* **Task to carry out**:
Leaving out the pictures, print exactly the lines from the one holding "分段式模塊化設(shè)計(jì) —— 中間主段長(zhǎng)" to the last line of the entries below, both included, and nothing more.

Provided entries START

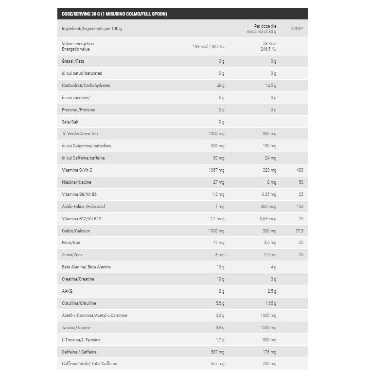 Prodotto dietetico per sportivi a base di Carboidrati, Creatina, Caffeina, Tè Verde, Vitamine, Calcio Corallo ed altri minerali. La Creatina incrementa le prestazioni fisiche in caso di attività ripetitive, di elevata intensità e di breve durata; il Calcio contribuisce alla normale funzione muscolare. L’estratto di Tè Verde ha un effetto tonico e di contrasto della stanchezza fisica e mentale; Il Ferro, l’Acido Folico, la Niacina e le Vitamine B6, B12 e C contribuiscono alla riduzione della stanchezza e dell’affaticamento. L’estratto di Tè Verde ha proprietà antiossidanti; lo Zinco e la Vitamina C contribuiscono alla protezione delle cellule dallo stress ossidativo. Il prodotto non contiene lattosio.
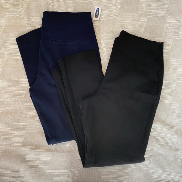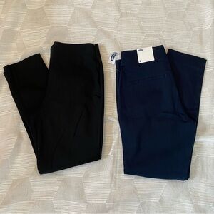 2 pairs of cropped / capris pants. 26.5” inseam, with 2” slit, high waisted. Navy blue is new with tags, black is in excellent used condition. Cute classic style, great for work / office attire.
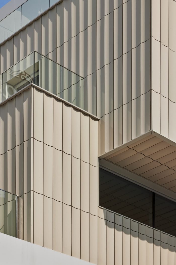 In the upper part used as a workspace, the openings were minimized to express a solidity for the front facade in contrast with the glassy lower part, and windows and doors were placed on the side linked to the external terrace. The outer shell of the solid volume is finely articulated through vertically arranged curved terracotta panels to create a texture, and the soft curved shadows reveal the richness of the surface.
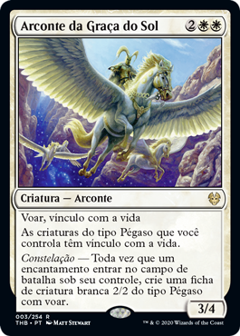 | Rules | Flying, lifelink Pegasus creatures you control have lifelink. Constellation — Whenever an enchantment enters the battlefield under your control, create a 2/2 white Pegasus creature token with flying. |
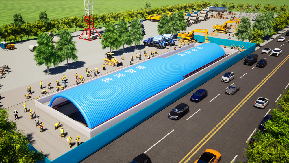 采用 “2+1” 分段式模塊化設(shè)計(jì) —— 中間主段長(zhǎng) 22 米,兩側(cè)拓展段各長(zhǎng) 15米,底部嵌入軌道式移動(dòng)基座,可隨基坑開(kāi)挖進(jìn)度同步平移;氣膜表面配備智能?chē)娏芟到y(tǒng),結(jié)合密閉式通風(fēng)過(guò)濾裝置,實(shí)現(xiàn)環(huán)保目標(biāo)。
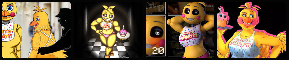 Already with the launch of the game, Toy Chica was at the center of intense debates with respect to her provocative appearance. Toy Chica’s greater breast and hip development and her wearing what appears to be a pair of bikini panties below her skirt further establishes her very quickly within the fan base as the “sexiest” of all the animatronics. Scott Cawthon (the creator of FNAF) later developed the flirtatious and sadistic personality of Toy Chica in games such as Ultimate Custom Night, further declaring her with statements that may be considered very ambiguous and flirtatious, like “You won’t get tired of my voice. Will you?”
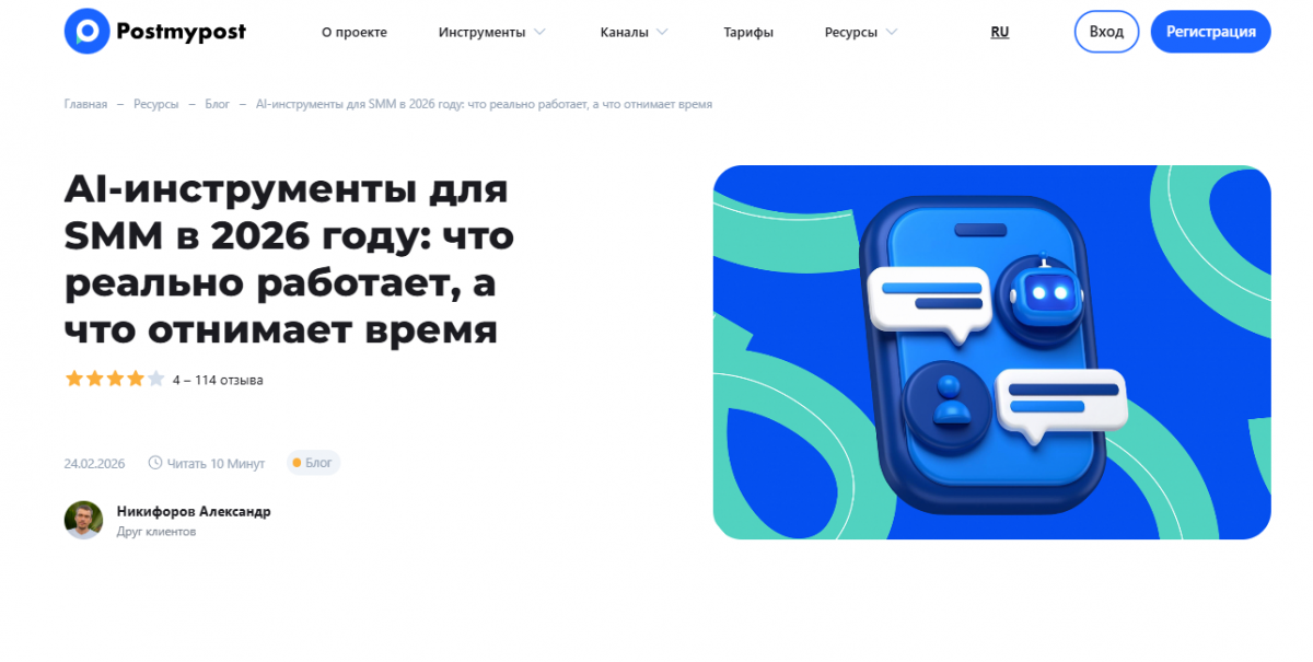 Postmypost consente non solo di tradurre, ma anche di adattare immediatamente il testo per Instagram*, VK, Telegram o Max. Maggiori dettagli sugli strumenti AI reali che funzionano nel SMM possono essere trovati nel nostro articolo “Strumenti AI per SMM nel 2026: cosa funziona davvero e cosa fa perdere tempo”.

Provided entries END

* **Solution below**:
 采用 “2+1” 分段式模塊化設(shè)計(jì) —— 中間主段長(zhǎng) 22 米,兩側(cè)拓展段各長(zhǎng) 15米,底部嵌入軌道式移動(dòng)基座,可隨基坑開(kāi)挖進(jìn)度同步平移;氣膜表面配備智能?chē)娏芟到y(tǒng),結(jié)合密閉式通風(fēng)過(guò)濾裝置,實(shí)現(xiàn)環(huán)保目標(biāo)。
 Already with the launch of the game, Toy Chica was at the center of intense debates with respect to her provocative appearance. Toy Chica’s greater breast and hip development and her wearing what appears to be a pair of bikini panties below her skirt further establishes her very quickly within the fan base as the “sexiest” of all the animatronics. Scott Cawthon (the creator of FNAF) later developed the flirtatious and sadistic personality of Toy Chica in games such as Ultimate Custom Night, further declaring her with statements that may be considered very ambiguous and flirtatious, like “You won’t get tired of my voice. Will you?”
 Postmypost consente non solo di tradurre, ma anche di adattare immediatamente il testo per Instagram*, VK, Telegram o Max. Maggiori dettagli sugli strumenti AI reali che funzionano nel SMM possono essere trovati nel nostro articolo “Strumenti AI per SMM nel 2026: cosa funziona davvero e cosa fa perdere tempo”.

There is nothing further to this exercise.